Discovering files

Discovery is the phase of processing in which the processing engine retrieves deeper levels of metadata not accessible during Inventory and prepares files for publishing to a workspace.

Note: Your environment has been enabled to dynamically scale your Invariant worker servers dependent on load. Sustained activity is automatically detected by the system, and Relativity will add workers to handle this work. Once the work is done, they will automatically scale back down. This feature is continually being improved to be smarter about when we add workers and how many we add.

The following graphic depicts how discovery fits into the basic workflow used to reduce the file size of a data set through processing. This workflow assumes that you are applying some method of deNIST and deduplication.

File size reduction through processing diagram

The following is a typical workflow that incorporates discovery:

  1. Create a processing set or select an existing set.
  2. Add data sources to the processing set.
  3. Inventory the files in that processing set to extract top-level metadata.
  4. Apply filters to the inventoried data.
  5. Run discovery on the refined data.
  6. Publish the discovered files to the workspace.

Running file discovery

To start discovery click Discover Files on the processing set console. You can click this whether or not you have inventoried or filtered your files.

Note: When processing documents without an actual date, Relativity provides a null value for the following fields: Created Date, Created Date/Time, Created Time, Last Accessed Date, Last Accessed Date/Time, Last Accessed Time, Last Modified Date, Last Modified Date/Time, Last Modified Time, and Primary Date/Time. The null value is excluded and not represented in the filtered list.

Discover files button on processing set

A confirmation message appears with the discovery settings and filters applied. Click Discover to proceed with discovery or Cancel to return to the processing set layout. If you enabled auto-publish, the confirmation message provides the option to Discover & Publish.

Discover comfirmation prompt

Consider the following when discovering files:

  • Relativity does not re-extract text for a re-discovered file unless an extraction error occurred. This means that if you discover the same file twice and you change any settings on the profile, or select a different profile, between the two discovery jobs, Relativity will not re-extract the text from that file unless there was an extraction error. This is because processing always refers to the original/primary document and the original text stored in the database.
  • If you have arranged for auto-publish on the processing set's profile, the publish process begins when discovery finishes, even if errors occur during discovery. This means that the Publish button is not enabled for the set until after the job is finished. You also see a status display for both discover and publish on the set layout.
  • If your discovery job becomes stuck for an inordinate length of time, do not disable the worker associated with that processing job, as that worker may also be performing other processing jobs in the environment.
  • When discovering file types, Relativity refers to the file header information to detect the file type.
  • You can’t change the settings on any processing job at any point after file discovery begins. This means that once you click Discover, you can’t go back and edit the settings of the processing set and re-click Discover Files. You would need to create a new processing set with the desired settings.
  • You cannot start discovery while inventory is running for that processing set.
  • When you start discovery or retry discovery for a processing job, the list of passwords specified in the password bank accompanies the processing job so that password-protected files are processed in that job. For more information, see Password bank.
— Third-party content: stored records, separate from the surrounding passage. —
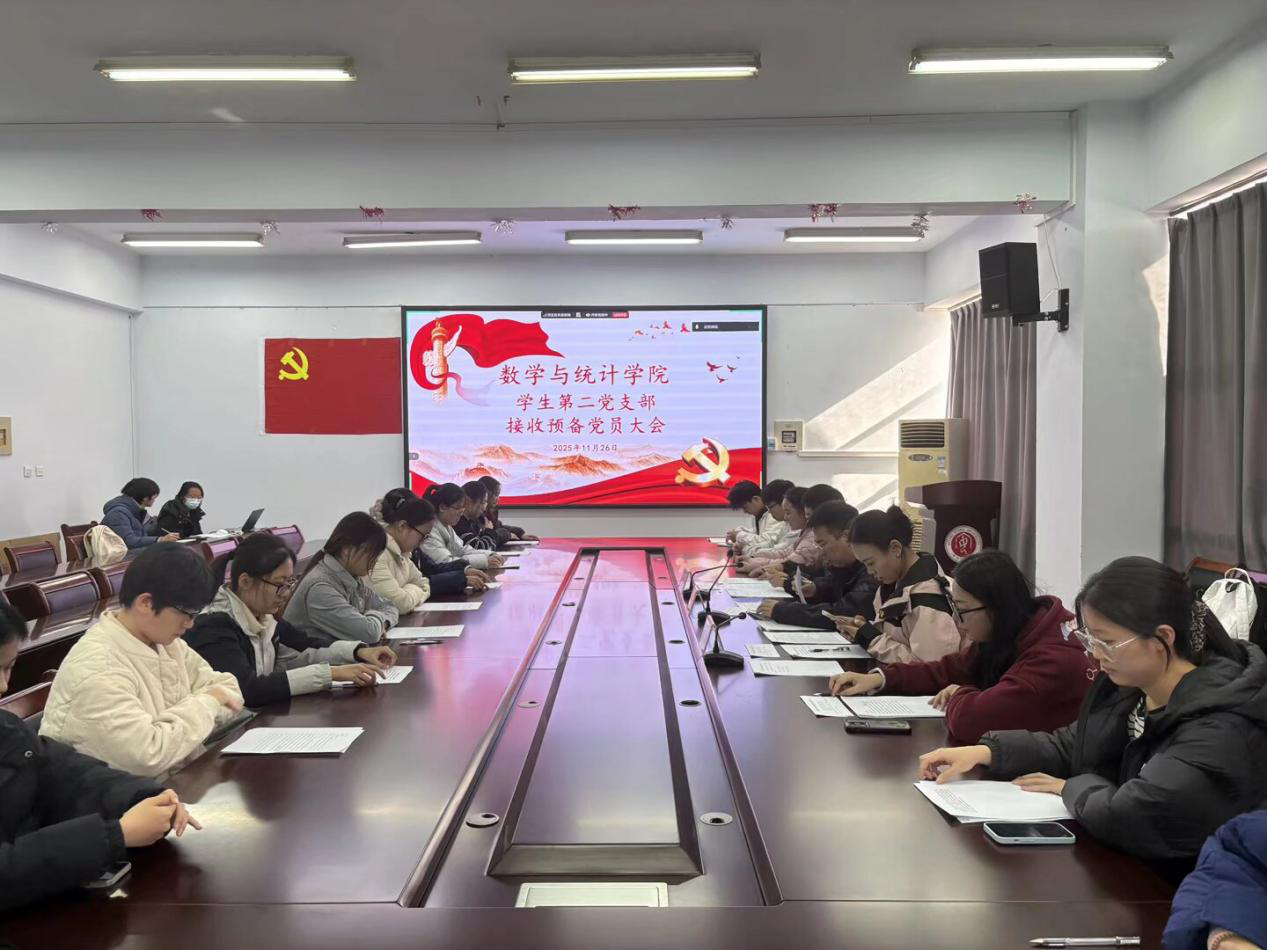 11月26日,数学与统计学院学生第二党支部在和义楼321召开全体党员大会,审议接收李静怡等5名同志为中共预备党员事宜。党支部书记陈洪鑫主持会议。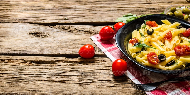 Паста с помидорами, оливками и зеленью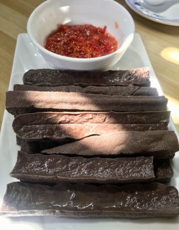 题外之话河北涞源@黑豆花鲜羊馆 若非亲往,我或许想象不出,在偏远的涞源县城,竟然藏着一家美味的特色餐厅:黑豆花鲜羊馆。这家餐馆藏在城乡结合部的一个简陋农家四合院里,尽管位置偏僻不临街,饭点时分,门外还是停满了慕名前来寻美食的食客,可见酒香不怕巷子深。 烟火缭绕的小院,东西两侧为厨房,正房、南房和院子里挤满了就餐的人们。天一擦黑我们到店时,正赶上一大锅羊肉、羊棒骨热气腾腾地摆在人们面前,让人很有食欲。手扒羊肉鲜嫩肥美,不膻不腻,葱香豆腐嫩滑鲜香,黑豆干很硬厚,蘸上略带甜味的辣酱,越嚼越香……据说来源的豆腐,是酸浆豆腐,而不是卤水点豆腐,所以风味独特,和别处大不相同。 因为好评如潮,所以前来就餐的外地食客,多是慕名而来,跟着导航倒也不难找。一个小县城,有一家美味无敌的饭馆,有一个舒心入住的宾馆旅舍,有山清水秀的风景,便让人觉着不虚此行了。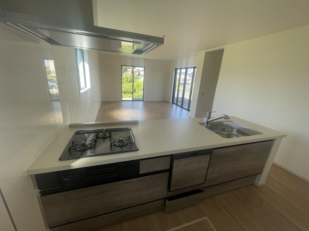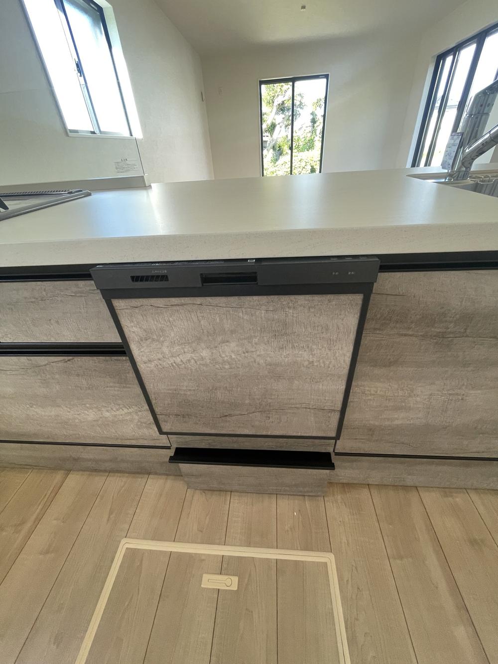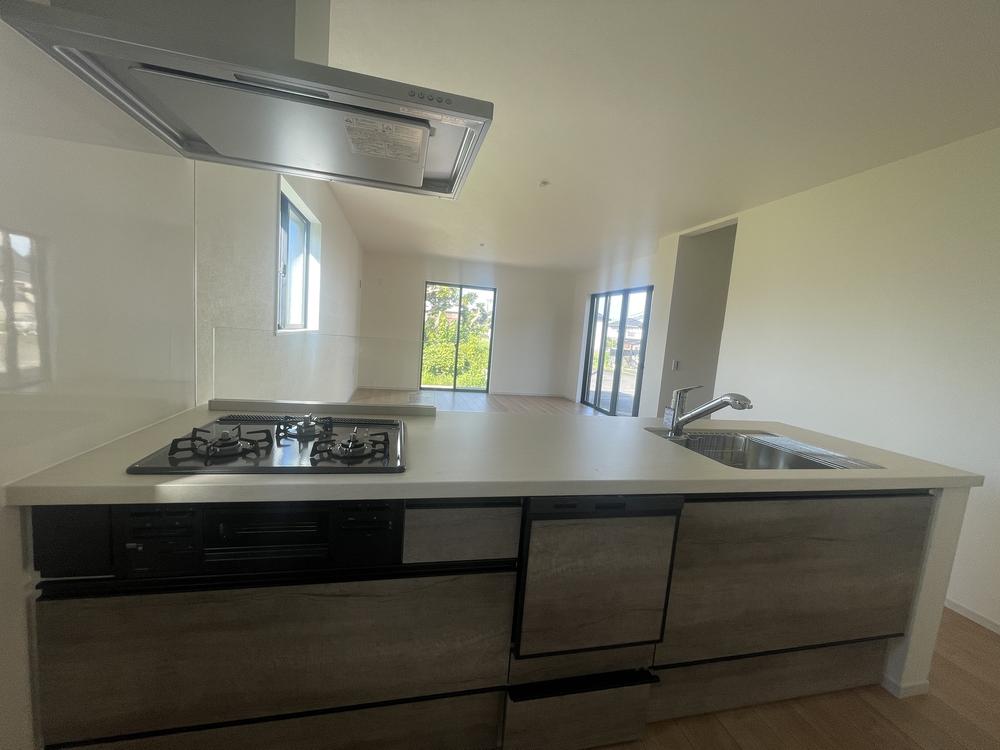 リビングとの雰囲気に合うキッチンには、食洗機を標準装備。シンク下の収納は、全体を見ることができ、奥の物も取り出しやすいオールスライドタイプです。キッチン(2025年7月)撮影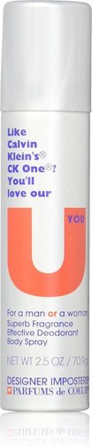 Incorporating the same bergamot, lemon, mandarin, jasmine and lily of the valley scent notes that made Calvin Klein's Ck One a hit, Designer Imposters U You elevates your self-confidence every time you splash a bit of the scent on your neck and wrists. Wear this fresh, clean scent from Parfums de Coeur to your next meeting to exude self-assurance, or use it before you meet with a big client to inject swagger into your step.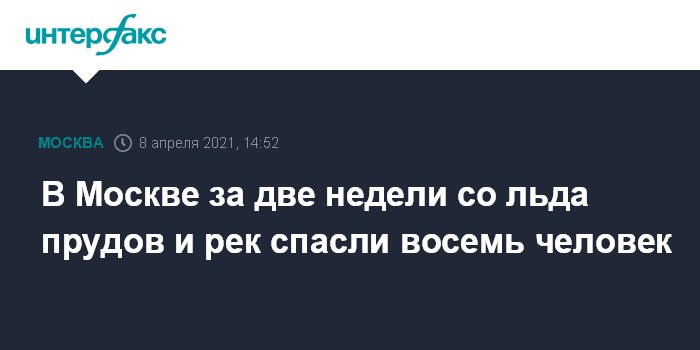 Москва. 8 апреля. INTERFAX.RU - В Москве с 25 марта по 8 апреля на водоемах спасли восемь человек: пятеро из них провалились под лед, троих пришлось снимать с отколовшихся льдин, сообщил телеграм-канал комплекса городского хозяйства.

Note: Relativity prioritizes application metadata over operating system file properties where possible. For example, if a file type stores application metadata, such as Date Created and Date Modified, Relativity retains those values for the file. If the application metadata fields are empty or the file type does not store application metadata, Relativity uses the operating system's file properties instead. Application metadata is more reliable since it is stored in the file itself. Operating system file properties can often change. For example, moving a file from one folder to another may change property values. Examples of file types that store application metadata include Microsoft Office files such as Word or Excel.
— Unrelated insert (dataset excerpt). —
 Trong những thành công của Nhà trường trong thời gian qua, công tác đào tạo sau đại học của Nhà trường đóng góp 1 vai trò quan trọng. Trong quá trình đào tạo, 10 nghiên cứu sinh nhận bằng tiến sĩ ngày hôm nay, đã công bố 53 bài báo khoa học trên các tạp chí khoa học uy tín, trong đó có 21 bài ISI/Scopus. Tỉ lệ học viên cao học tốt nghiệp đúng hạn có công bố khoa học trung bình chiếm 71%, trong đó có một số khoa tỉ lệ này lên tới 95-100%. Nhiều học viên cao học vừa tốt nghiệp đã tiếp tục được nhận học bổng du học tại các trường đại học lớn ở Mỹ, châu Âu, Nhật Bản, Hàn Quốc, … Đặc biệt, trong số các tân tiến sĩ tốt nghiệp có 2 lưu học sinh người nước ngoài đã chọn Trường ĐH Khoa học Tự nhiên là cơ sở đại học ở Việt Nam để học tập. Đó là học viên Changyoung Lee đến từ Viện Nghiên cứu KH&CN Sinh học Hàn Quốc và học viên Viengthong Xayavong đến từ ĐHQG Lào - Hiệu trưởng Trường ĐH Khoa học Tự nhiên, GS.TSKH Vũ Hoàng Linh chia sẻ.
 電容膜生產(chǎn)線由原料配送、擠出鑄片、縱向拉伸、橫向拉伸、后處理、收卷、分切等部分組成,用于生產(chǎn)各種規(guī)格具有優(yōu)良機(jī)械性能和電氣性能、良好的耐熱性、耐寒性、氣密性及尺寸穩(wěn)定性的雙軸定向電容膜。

When you start discovery, the Discover button changes to Cancel. Click this to stop discovery. See Canceling discovery for details.

Discovery process

The following graphic and corresponding steps depict what happens behind the scenes when you start discovery. This information is meant for reference purposes only.

Discovery workflow

  1. You click Discover Files on the processing set console.
  2. A console event handler copies all settings from the processing profile to the data sources on the processing set and then checks to make sure that the set is valid and ready to proceed.
  3. The event handler inserts all data sources into the processing set queue.
  4. The data sources wait in the queue to be picked up by an agent, during which time you can change their priority.
  5. The processing set manager agent picks up each data source based on its order, all password bank entries are synced, and the agent submits each data source as an individual discovery job to the processing engine. The agent then provides updates on the status of each job to Relativity, which then displays this information on the processing set layout.
  6. The processing engine discovers the files and applies the filters you specified in the Inventory tab. It then sends the finalized discovery results back to Relativity, which then updates the reports to include all applicable discovery data.
  7. Any errors that occurred during discovery are logged in the errors tabs. You can view these errors and attempt to retry them. See Processing error resolution for details.
  8. You can now publish the discovered files to your workspace. If you’ve arranged for auto-publish after discovery, publish will begin automatically and you will not invoke it manually.

Container extraction

It may be useful to understand how the processing engine handles container files during discovery. Specifically, the following graphic depicts how the engine continues to open multiple levels of container files until there are no more containers left in the data source.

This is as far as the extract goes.